Stateless vs. stateful

Before delving into the details of this new functionality, let’s recall one of the oldest debates on containerization: statelessness vs. statefulness. Also, even before that, let’s clarify what a “state” is for containers.

A container’s state can be considered as the whole set of resources that regards the container’s execution: processes running, internal operations, open file descriptors, data accessed by the container itself, container’s interactions, and much more.

Many advocates of the stateless cause affirm that containers, once created, do their job and then should disappear, sometimes also leaving the floor to other containers.
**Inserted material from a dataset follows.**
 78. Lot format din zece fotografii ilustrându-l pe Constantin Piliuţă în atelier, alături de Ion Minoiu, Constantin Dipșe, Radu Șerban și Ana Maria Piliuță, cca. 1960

By the way, this approach is far from reality, and this is mainly because most of the applications that run today in containers were not originally conceived with a containerized approach. Indeed, many are just legacy applications that have been containerized and still rely on the application state.

So, stateful containers are still in use and this also implies that keeping, storing, and resuming a container’s state with the container checkpointing feature can be useful.
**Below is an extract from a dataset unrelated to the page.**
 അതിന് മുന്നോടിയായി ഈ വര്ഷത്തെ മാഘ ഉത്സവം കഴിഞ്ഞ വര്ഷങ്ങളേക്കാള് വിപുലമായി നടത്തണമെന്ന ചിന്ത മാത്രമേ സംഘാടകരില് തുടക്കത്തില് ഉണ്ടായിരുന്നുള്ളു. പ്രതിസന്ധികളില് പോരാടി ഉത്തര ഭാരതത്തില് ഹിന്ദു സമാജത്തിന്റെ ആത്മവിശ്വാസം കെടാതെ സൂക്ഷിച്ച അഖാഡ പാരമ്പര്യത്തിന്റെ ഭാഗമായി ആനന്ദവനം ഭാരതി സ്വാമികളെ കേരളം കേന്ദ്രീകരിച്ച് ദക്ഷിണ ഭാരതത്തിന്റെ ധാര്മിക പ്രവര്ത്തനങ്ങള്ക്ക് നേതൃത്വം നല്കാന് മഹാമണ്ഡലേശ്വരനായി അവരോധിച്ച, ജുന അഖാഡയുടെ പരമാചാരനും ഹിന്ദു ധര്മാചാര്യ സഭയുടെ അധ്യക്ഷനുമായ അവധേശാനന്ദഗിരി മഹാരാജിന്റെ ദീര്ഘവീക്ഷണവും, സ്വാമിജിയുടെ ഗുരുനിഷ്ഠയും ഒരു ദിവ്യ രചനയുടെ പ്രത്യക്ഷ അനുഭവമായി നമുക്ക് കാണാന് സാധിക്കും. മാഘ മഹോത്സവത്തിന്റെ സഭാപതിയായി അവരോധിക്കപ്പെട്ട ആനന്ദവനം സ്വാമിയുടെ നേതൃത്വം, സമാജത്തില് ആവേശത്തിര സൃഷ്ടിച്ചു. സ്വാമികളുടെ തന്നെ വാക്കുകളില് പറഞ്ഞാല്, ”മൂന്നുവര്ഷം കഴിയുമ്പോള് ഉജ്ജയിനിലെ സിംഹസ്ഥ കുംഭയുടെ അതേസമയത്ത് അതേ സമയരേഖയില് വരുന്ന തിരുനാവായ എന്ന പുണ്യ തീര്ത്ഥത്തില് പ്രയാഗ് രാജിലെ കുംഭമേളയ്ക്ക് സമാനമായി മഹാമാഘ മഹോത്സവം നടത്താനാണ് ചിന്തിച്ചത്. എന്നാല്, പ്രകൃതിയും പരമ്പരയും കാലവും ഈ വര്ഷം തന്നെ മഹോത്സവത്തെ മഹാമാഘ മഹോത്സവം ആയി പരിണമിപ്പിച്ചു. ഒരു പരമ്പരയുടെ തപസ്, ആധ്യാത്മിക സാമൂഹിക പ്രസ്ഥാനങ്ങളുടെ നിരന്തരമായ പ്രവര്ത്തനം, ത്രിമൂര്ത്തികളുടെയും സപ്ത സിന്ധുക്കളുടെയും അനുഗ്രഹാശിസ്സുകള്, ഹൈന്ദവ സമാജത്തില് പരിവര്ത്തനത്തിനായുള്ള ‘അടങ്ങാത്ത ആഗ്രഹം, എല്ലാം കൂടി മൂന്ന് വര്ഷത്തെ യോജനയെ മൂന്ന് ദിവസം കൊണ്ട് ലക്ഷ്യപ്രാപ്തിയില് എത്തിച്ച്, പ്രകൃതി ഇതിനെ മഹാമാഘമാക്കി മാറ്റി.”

Let’s consider some use cases that may best represent this functionality’s benefits to containerized environments:

Containers that take a long time to start (sometimes also several minutes). By storing the state of the container once it has been started, the application can be launched already running, skipping the cold-start phase.
One of your containers is not properly working, probably because it has been compromised. Moving your container to a sandbox environment without losing information to triage what the impact of the incident may be and its cause will surely prevent future problems.
Migration process of your running containers. You may want to move containers from one system to another, without losing their current state.
Update or restart your host. Maintaining containers without losing the state may be a requirement.

All of these scenarios can be addressed by container checkpoint and restore capabilities.
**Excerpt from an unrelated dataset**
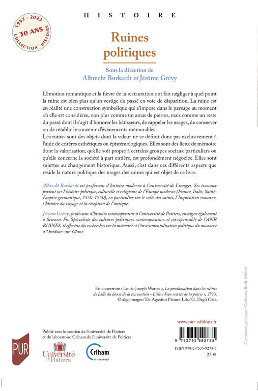 L’émotion romantique et la fièvre de la restauration ont fait négliger à quel point la ruine est bien plus qu’un vestige du passé en voie de disparition. La ruine est en réalité une construction symbolique qui s’impose dans le paysage au moment où elle est considérée, non plus comme un amas de pierres, mais comme un reste du passé dont il s’agit d’honorer les bâtisseurs, de rappeler les usages, de conserver ou de rétablir le souvenir d’événements mémorables.

Container Checkpoint/Restore

Checkpointing the container state allows you to freeze and take a snapshot of the container executions, resources, and details, creating a container backup and writing it to disk. This, once resumed, will continue its job without even knowing it has been stopped and, for example, moved into another host.

All of this was made possible with the help of the CRIU project (Checkpoint/Restore In Userspace) that, as the name suggests, is involved in checkpoint/restore functionalities for Linux.

Extending CRIU capabilities to containers, however, did not begin with the latest Kubernetes release. Checkpointing/restoring support was first introduced into many low-level interfaces, from container runtime (e.g., runc, crun) to container engine (e.g., CRI-O, containerd), until arriving at the Kubelet layer.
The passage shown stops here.